Rose walked over to the canvas and marvelled at how meticulous he had been, but mostly because his craft was serene. It resembled nothing of the room’s setting, nor of the posture she had assumed. And if she were to be accurate, it would have been more appropriate to say that it was as though both had travelled into another world, only she was his transporter. She had invited him to see and feel all that was to her, and he had birthed something extraordinary. Suddenly, watching her emotions rush through her facial expressions, as she moved around the canvas, wanting to touch and feel the butterflies as she had in her dream, he felt excited for the Gemini Arts Exhibition that The Pagers National Gallery had organized for the coming week.

 

Sitting on the foot of her bed, her body soaked in sweat, she couldn’t stop her tears from rushing down her cheeks as she starred at a blank wall. Knowing that the painting that had presented him with an opportunity for an international tour he didn’t get to experience hung directly opposite the wall in the next room tormented her. It was the last one he had had the chance to bring to life before he vanished off the face of the earth, and she hated it for that. The last one whose process she could vividly remember and whose outcome had been beauty personified.
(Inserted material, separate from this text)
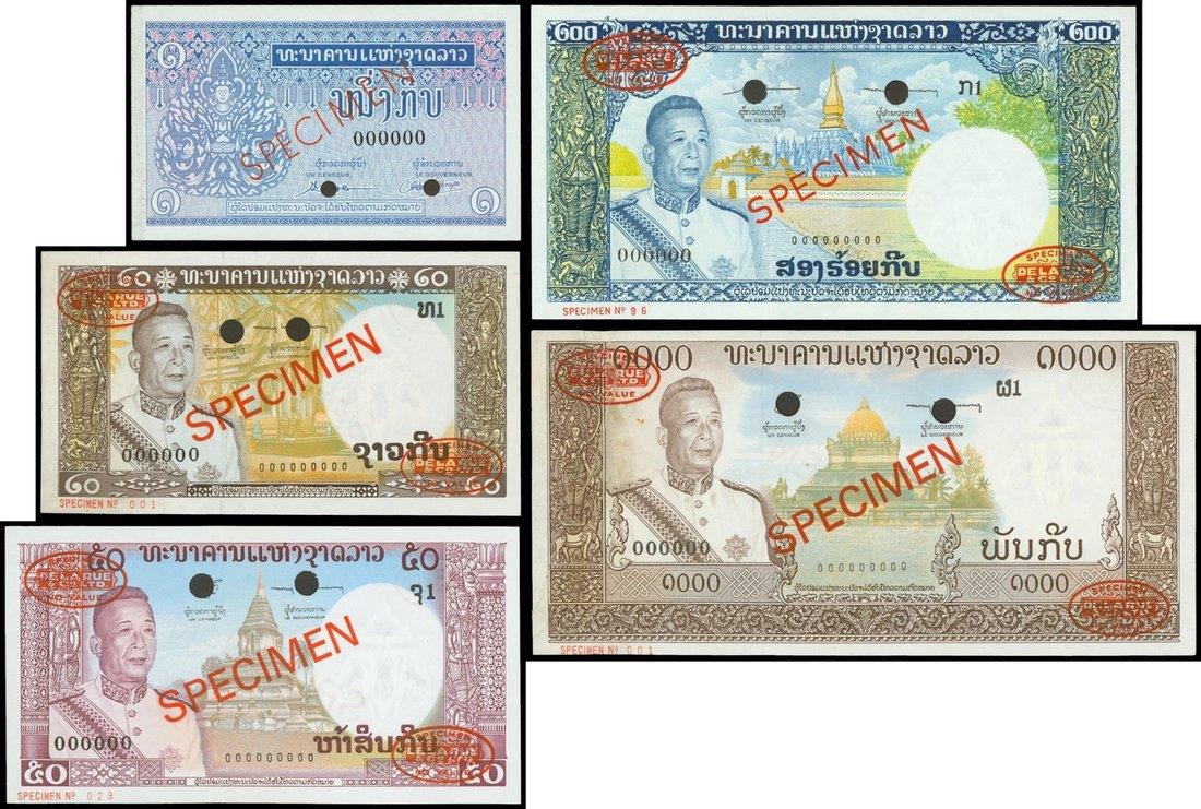Laos, group of 4 specimens for, 1, 20, 50, 200 and 1000 kip, 1962-1963 series,

It had only been about a month before his European tour, a week after the local one, that Timothy had had an unfortunate encounter with death in a car crash, and the gods had not granted him a second chance. The only thing she had learnt in their years of courting was that he had somehow realized that he had less time to spend with her, less time to do anything really and so he had made sure to passionately paint their memories with his artistic brush while they still had time. Most of the paintings that featured her had been telepathically created. They were not physically bound, and often presented a special and unique nature of their intimate relationship.
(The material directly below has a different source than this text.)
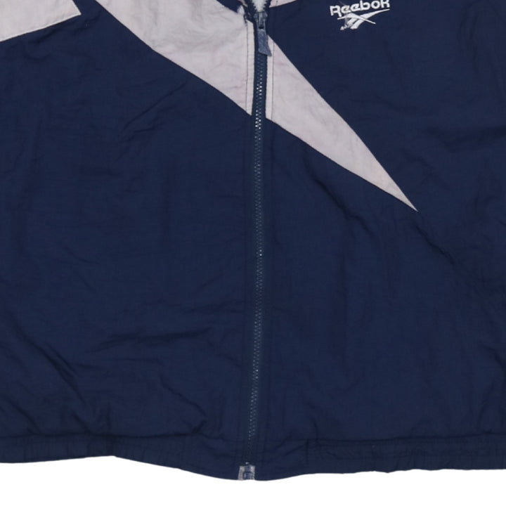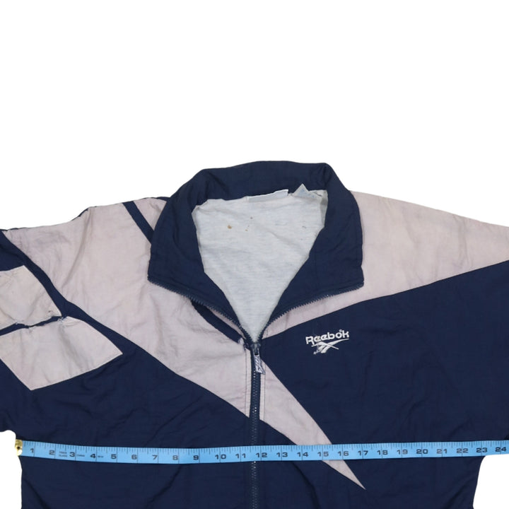 Reebok, Reebok jacket, Reebok windbreaker, Reebok track jacket, navy Reebok, navy blue jacket, blue windbreaker, women's Reebok, women's jacket, women's windbreaker, XLarge jacket, XL jacket, relaxed fit jacket, oversized fit, full zip jacket, zip front jacket, track top, sports jacket, athletic jacket, colour block jacket, colour-block windbreaker, embroidered logo jacket, lightweight outerwear, polyester jacket, casual outerwear, everyday jacket, running jacket, training jacket, gym cover up, spring jacket, autumn jacket, festival jacket, activewear top, long sleeve jacket, elasticated hem, elasticated cuffs, stand collar jacket, navy blue track top, branded jacket, logo jacket, classic sportswear, casual sports jacket, athleisure jacket, Reebok XL, women's sportswear, women's outerwear, pre-owned Reebok, second hand Reebok, A grade condition, chest 23 inches, length 24 inches, arm 20 inches

While she hated that life had been unfair by snatching away her loved one a little too soon, she was yet to come to terms that he still could be her muse as much as she had been his, that his name could continue to thrive in her heart as much as it did in the world, even after his death. She could still revisit that place he had seen her flourish in when he created an artistic treasure that was now the world’s greatest artistic marvel. When she thought about how the world saw her as his muse, she was besides herself. Perhaps she could turn her life around and let his spirit do the musing this time around.